GOAL OF THE EXERCISE —
Your copy should hold only the lines from the one holding "Tagebau in Russland" through the last line of the records below, both included, each exact and with no pictures.

Extracted data entries —
================
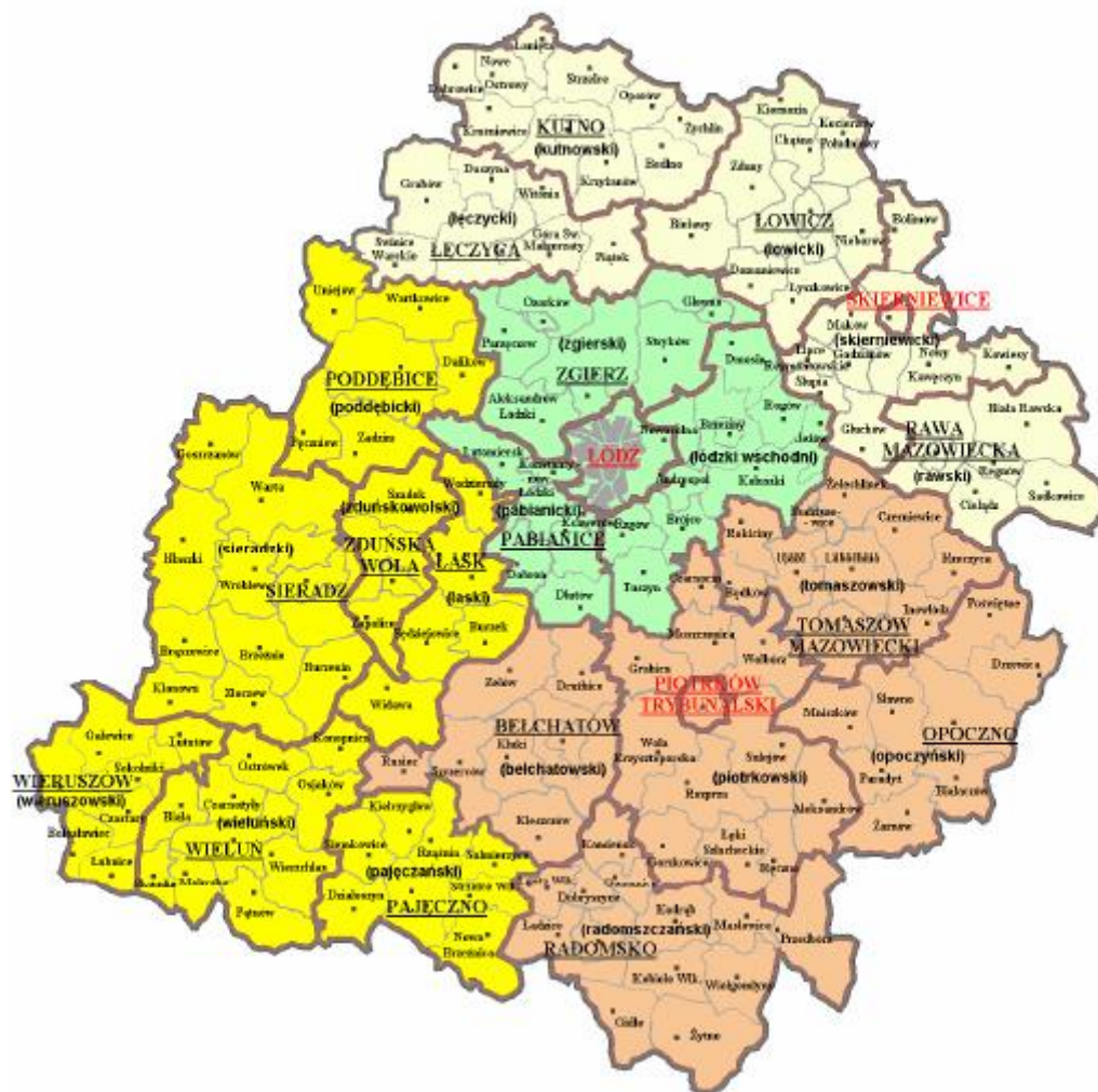
Rysunek: Położenie administracyjno-geograficzne
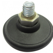
Nivelliergleiter mit Kunststoff von oben nicht sichtbar (Aussenbereich) N STAHL KSB 14
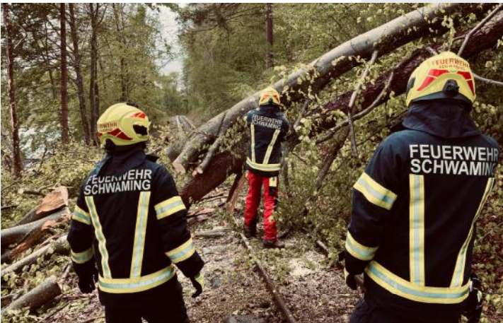
Freimachen von Verkehrswegen am 25. April

Einsätze wurden von 206 Einsatzkräften über 368 ehrenamtliche Einsatzstunden geleistet. Die Zahlen verdeutlichen die hohe Einsatzbereitschaft und Kompetenz unserer Mitglieder, die durch regelmäßige Aus- und Weiterbildungen ein hohes Niveau an Sicherheit gewährleisten können.
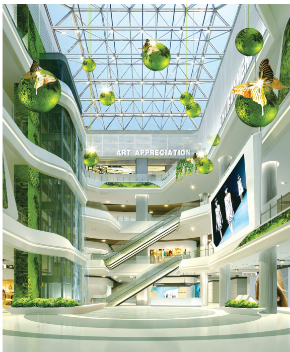
开源休闲体验式未来购物中心
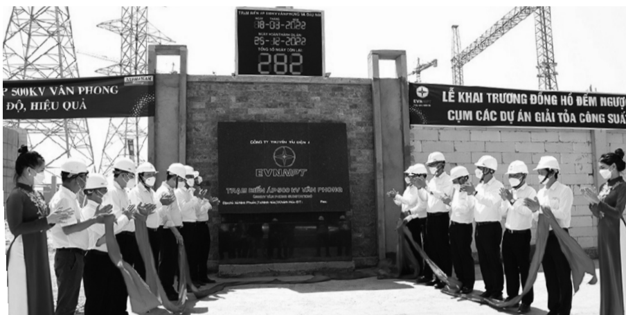
● Lắp đặt hồ đếm ngược để đẩy tiến độ dự án giải tỏa công suất Nhiệt điện BOT Vân Phong 1.

Đồng thời trong năm 2022, EVNNPT cũng đã lập kế hoạch và đang tập trung chỉ đạo đẩy nhanh tiến độ công tác chuẩn bị đầu tư để sớm khởi công, thi công và đưa vào vận hành các dự án phục vụ giải tỏa công suất các nguồn
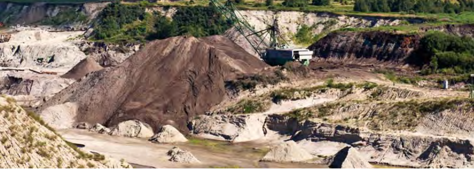
Tagebau in Russland
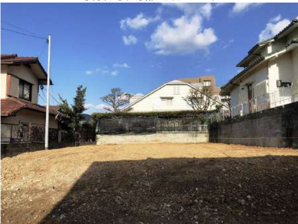
【現況写真】敷地約108坪
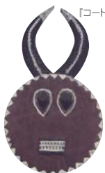
【コートシポアル製 バウ族 プレブル仮面】
================
YOUR SOLUTION —
Tagebau in Russland
【現況写真】敷地約108坪
【コートシポアル製 バウ族 プレブル仮面】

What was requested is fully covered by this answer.